メモリ関連の脆弱性は、何十年にもわたって自動車業界の重大な懸念事項でした。例えば、MISRA-C/C++規格の開発は、組込みシステムのセキュリティ問題に対処することを目的としています。1998年に初めて提案され、その後改訂されたMISRA-C/C++は、新たなセキュリティ課題に対応するために進化し続けています。
Rustの導入における課題
習得の難しさと「unsafe」機能
Rustのメモリ安全性は、一度に1つのエンティティしかメモリにアクセスできないという所有権などの原則に支えられています。これは他のプログラミング言語とは大きく異なるため、開発者はRustの独自の概念やルールを理解するのに時間がかかり、ソフトウェアプロジェクトの開発期間が長引く傾向にあります。さらに、Rustには "unsafe()" 機能が含まれており、Rustの厳格なメモリ安全ルールに従うことが現実的でない場合に使用することを目的としています。しかし、この機能でコンパイラのチェックを回避すると、脆弱なコードが残ってしまう可能性があります。
言語とツールチェーンの脆弱性
Rustを使用しても、言語自体やそのツールチェーンにも脆弱性が含まれている可能性があるため、本質的にセキュリティが保証されるわけではありません。例えば、2024年4月には、Windows環境でcmd.exeを介して任意のコードを実行できるという重大な脆弱性CVE-2024-24576が公開されました。さらに、コンパイラが生成する機械コードは、言語仕様に完全に沿っていない可能性や、バグを含んでいる可能性があり、その過程でソースコードの意図が損なわれる可能性があります。
エコシステムとサードパーティ製ライブラリ
多くの新興言語と同様に、Rustは確立された言語のコンポーネントに依存しているため、他の場所に既に存在する機能の開発優先度が低くなる可能性があります。他の言語の対応物を再利用することは魅力的ですが、Rustのセキュリティ機能を損なう可能性があります。例えば、他の言語の関数を呼び出すと、Rustのメモリ安全性の保証が無効になる可能性があります。これは、Node Package Manager(NPM)のような エコシステムにおける不正なパッケージが関与した事例で確認されています。サードパーティ製ライブラリを使用して電子制御ユニット(ECU)のファームウェアを開発すると、納期を短縮できる可能性がありますが、潜在的な脆弱性も導入されます
非メモリCWEとその他の攻撃経路
脆弱性が大幅に減少した現在でも、Rustはメモリ関連の問題にしか対応していません。2023年のCWEトップ10の半分は、既にメモリ安全性に関連しないものでした。Rustは、コマンドインジェクションにつながる可能性のある不十分な入力検証や、パストラバーサルによる不正アクセスなどの設計上の欠陥を緩和することはできません。さらに、Rustは、システムのアルゴリズム的な弱点ではなく、物理的な実装から漏洩した情報を悪用するサイドチャネル攻撃や、意図的にシステムにエラーを注入するインジェクション攻撃などのハードウェア中心の攻撃を防ぐことはできません。例えば、2023年8月、ベルリン工科大学の研究者らは、Teslaのハードウェアに対して意図的に電圧の異常を引き起こす実証実験を行い、セキュアブートプロトコルを回避することに成功しました。

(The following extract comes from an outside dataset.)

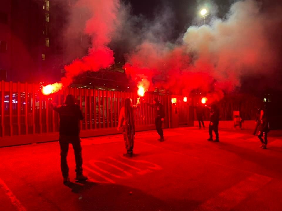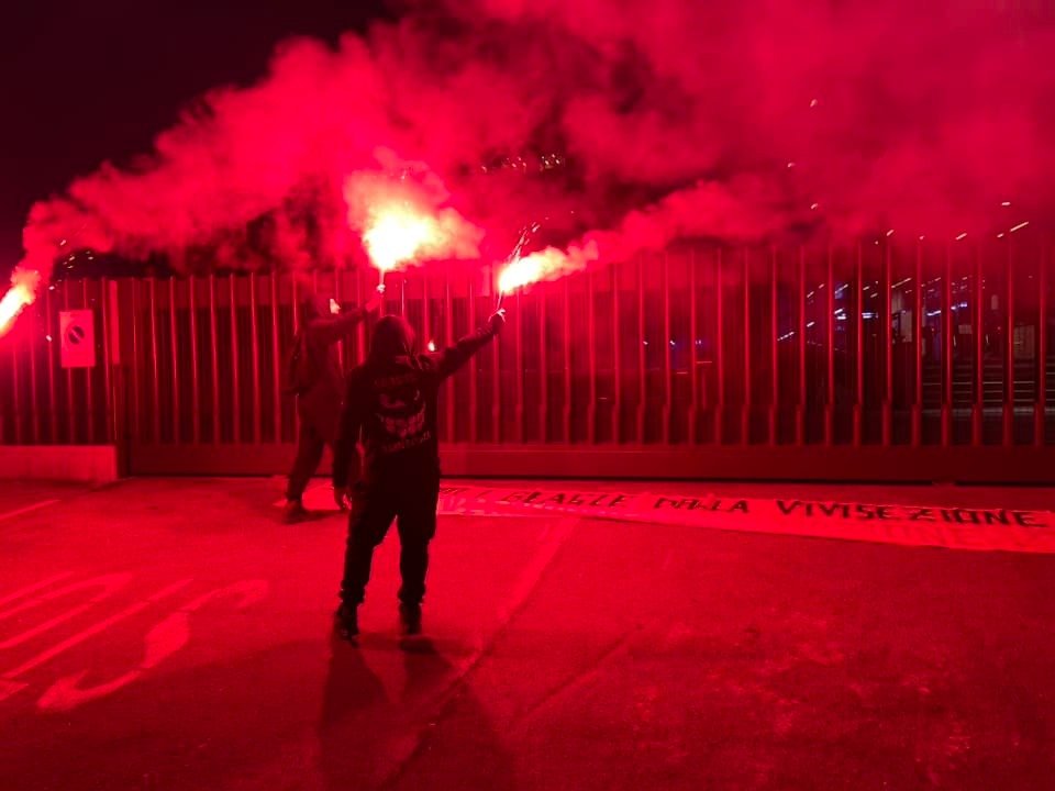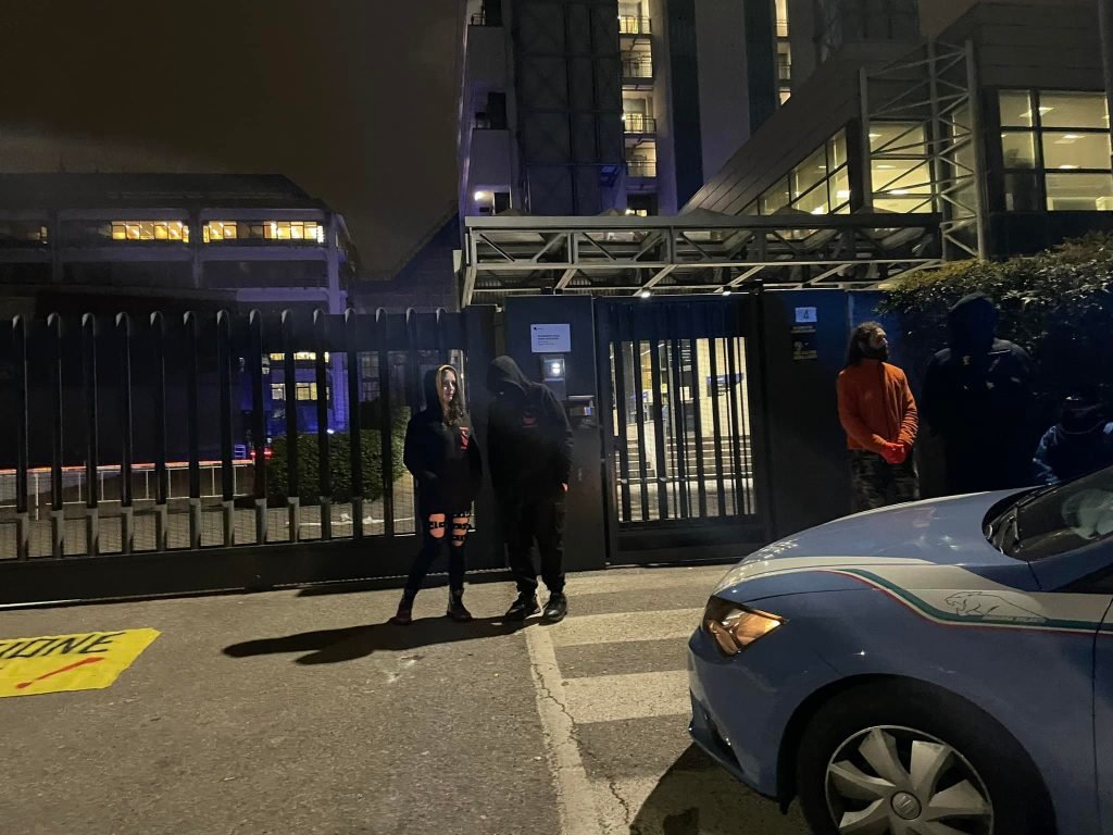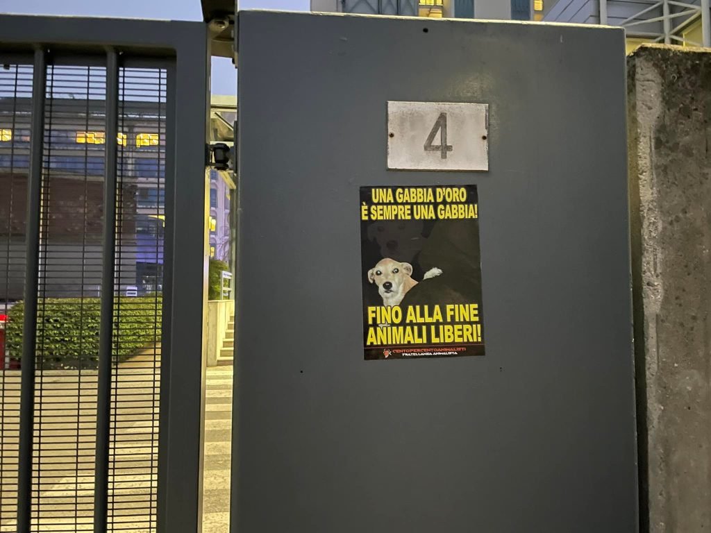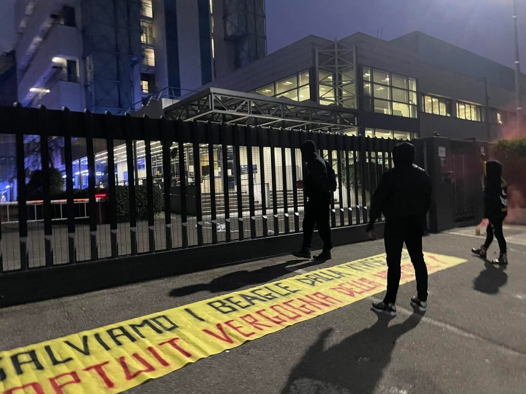 I Militanti hanno acceso numerosi fumogeni, lanciato rotoli di carta igienica all’interno della struttura, hanno intonato molti cori di scherno. I dipendenti di Aptuit, palesemente spaventati della presenza Animalista, sono rimasti chiusi all’Interno della struttura per tutta la durata del blitz allertando le forze dell’ordine.

図1:ゼロデイ・イニシアチブ(ZDI)のデータによると、2023年のCWEトップ10の半分はメモリ安全性に関連していなかった
結論
Rustは、プログラミングにおいて明確な利点を提供し、C/C++の強力な代替手段となります。しかし、自動車のファームウェアやソフトウェアをRustやその他のプログラミング言語に移行しても、コネクテッドカーやそのコンポーネントのセキュリティが確実に保証されるわけではありません。Rustは切り札ではなく、自動車業界のサイバーセキュリティの問題を解決する万能薬でもありません。

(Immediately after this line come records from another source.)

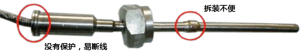 测温导线耐油、耐腐蚀、耐热性能比较差;长期在油浸的环境中,容易出现变硬、变脆、外皮开裂等现象,缩短其使用寿命;长期振动会导致导线在传感器根部断开见(图1、图2)。经现场检查发现,根部断线的故障几乎占了测温电阻故障总数的50%。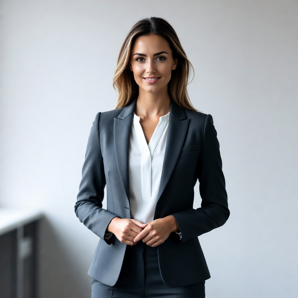 A young woman with long wavy brown hair smiles confidently at the camera. She wears a tailored gray blazer over a white collared blouse and matching pants. She stands with hands clasped in front of a plain gray background.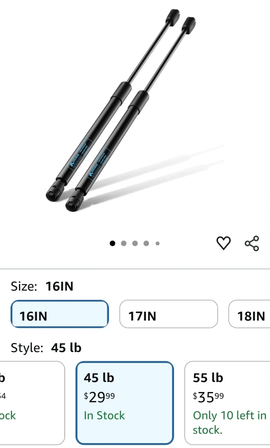 Brand new ARANA gas struts, 16 inches long with a 45lb lift support Including mounting hardware.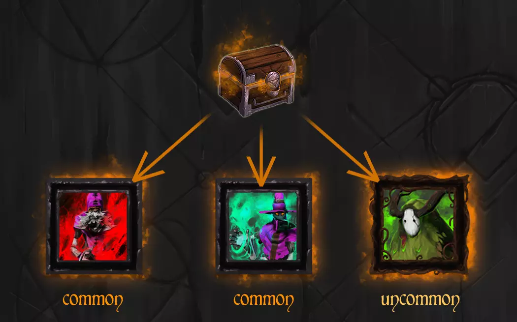 你可以将自己的角色更换为具有全新特性的其他角色。找到他们吧。 现在让我们来看看如何获取这些物品。 目前,《Spellsworn》中所有可用物品都位于上锁的宝箱内,需要使用相应的钥匙才能打开。 这些宝箱和钥匙会在玩家进行匹配对战(不包括自定义游戏)时,按特定时间间隔发放给玩家。平均每1小时游戏时间会掉落一个物品,但获得物品所需的实际时间可能更短或更长。请记得定期检查您的库存!目前游戏在赛后不会发送获得物品的通知,因此您可能会错过它们。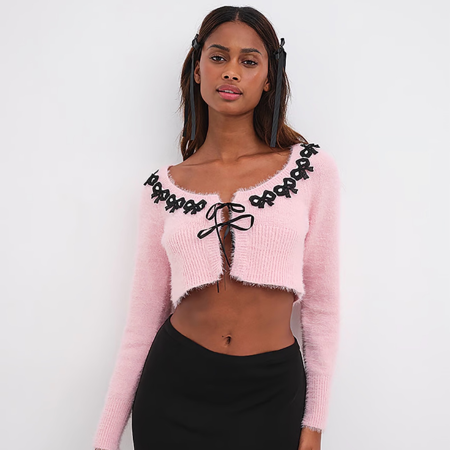 baby pink bow caridgan perfect for all seasons - fuzzy / soft material so do need to be gentle!

自動車へのセキュリティ対策では、車両の内部および外部通信を積極的に監視することが不可欠となります。ハードウェアチップからオペレーティングシステム、システムドライバからユーザーアプリケーションまで、すべての技術層で脆弱性を迅速に検出し、対処することが、コネクテッドカーのセキュリティを確保するために重要です。また、ソフトウェア開発では、独自のソフトウェアとオープンソースソフトウェアの両方が使用されます。ソフトウェア定義の車両(SDV)におけるオープンソースソフトウェアの採用が増加していることを考えると、独自のソフトウェアの脆弱性と並行してオープンソースソフトウェアの脆弱性を監視することも、包括的なセキュリティ対策のアプローチを確保する上でも重要であるといえます。